Thanks to pressure on the government, through strikes for instance, the privatisation wave was toned down. Instead, Slovenia pursued a gradual model of privatisation.

Slovenian people were appointed at the head of state companies, leading to the development of a Slovenian bourgeoisie.

And what do you think caused the current crisis in Slovenia?

In the so-called transition period, Slovenia’s companies’ shares were divided among citizens. Everyone became a shareholder, up to a certain point. But speculation on those shares ensued. The national bourgeoisie started taking bank loans, in a non-transparent manner, to buy up shares from Slovenian citizens. This led to the empowerment of Slovenian national bourgeoisie.

Under their administration, Slovenian companies suffered from bad management and heavy borrowing. The incentive to borrow came from Slovenian national banks, led by political appointees, which issued loans in a very opaque manner.

The loans were used mostly for financial speculations by leading company managers or for unsustainable projects, mostly in construction and infrastructure, which were never finalised.
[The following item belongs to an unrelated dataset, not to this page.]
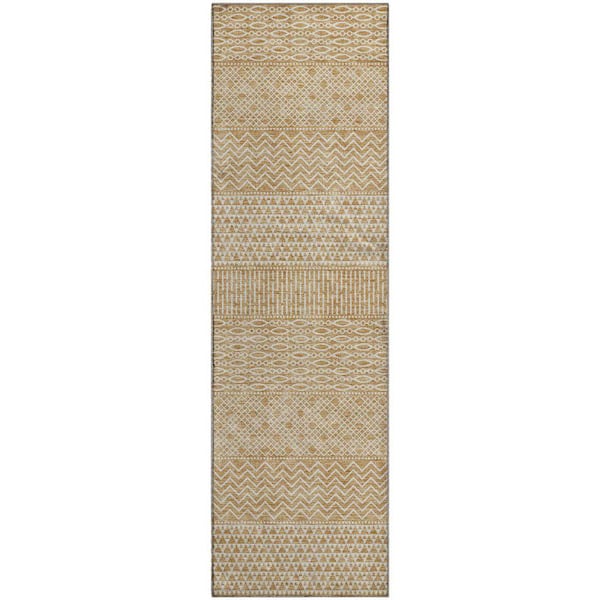 Mayfield Premium Machine Washable Abstract AMF939 Gold 2 ft. 3 in. x 7 ft. 6 in. Runner Rug

Banks were literally giving away credits without making sure their clients were able to pay them back.

What happened in 2008?

The bubble in the banking sector burst in Slovenia. And since 2008, the Slovenian government has helped national banks with taxpayers money.

How did the Slovenian government deal with the crisis?

The Slovenian government, to help the banks and to pay back the interest rates on previous loans, started to borrow more money on financial markets. This caused a spiralling public debt.

In 2008, public debt amounted to around 22 per cent of GDP – in 2013, it reached almost 72 per cent.

Public debt became the most important and urgent issue on the agenda. It was framed as a threat and used as an argument for Slovenia to include the golden fiscal rule into its constitution. The rule forbids any public deficit, only authorising public surplus.

With the golden fiscal rule, Slovenia basically gave up the only macroeconomic policy tool at its disposal to independently control public debts.

Henceforth, the government started to increase state revenues through privatisation and to decrease state expenditures through budget cuts.

The golden rule is austerity.

What influence did the European Union have over those policies?

The very aggressive neoliberal policies basically started with the accession of Slovenia in the European Union.

The story of the EU was sold very successfully on the premises that Slovenia will prosper and people will enjoy higher living standards, at the level of those in Germany. It took a while for people to realise the consequences of accession.

Slovenian governing bodies are very obedient to the EU. The golden fiscal rule was added to the Slovenian constitution without it being a formal requirement.

But surely, there was some indirect pressure…

Of course. There were rumours that Slovenia was going to file for bail out. Various stress tests were released at strategic moments to show the weakness of the Slovenian banking sector. But the government decided to bail out the banks without the Troika.

The threat of the Troika was powerful: If Slovenia did not pursue, on its own, neoliberal and austerity measures, the Troika would come to rescue Slovenia and implement those same measures.

We find it absurd. We have to implement Troika measures to fight the crisis. If we do not, the Troika imposes them. The pressure was real and it is now being exerted in a more direct manner.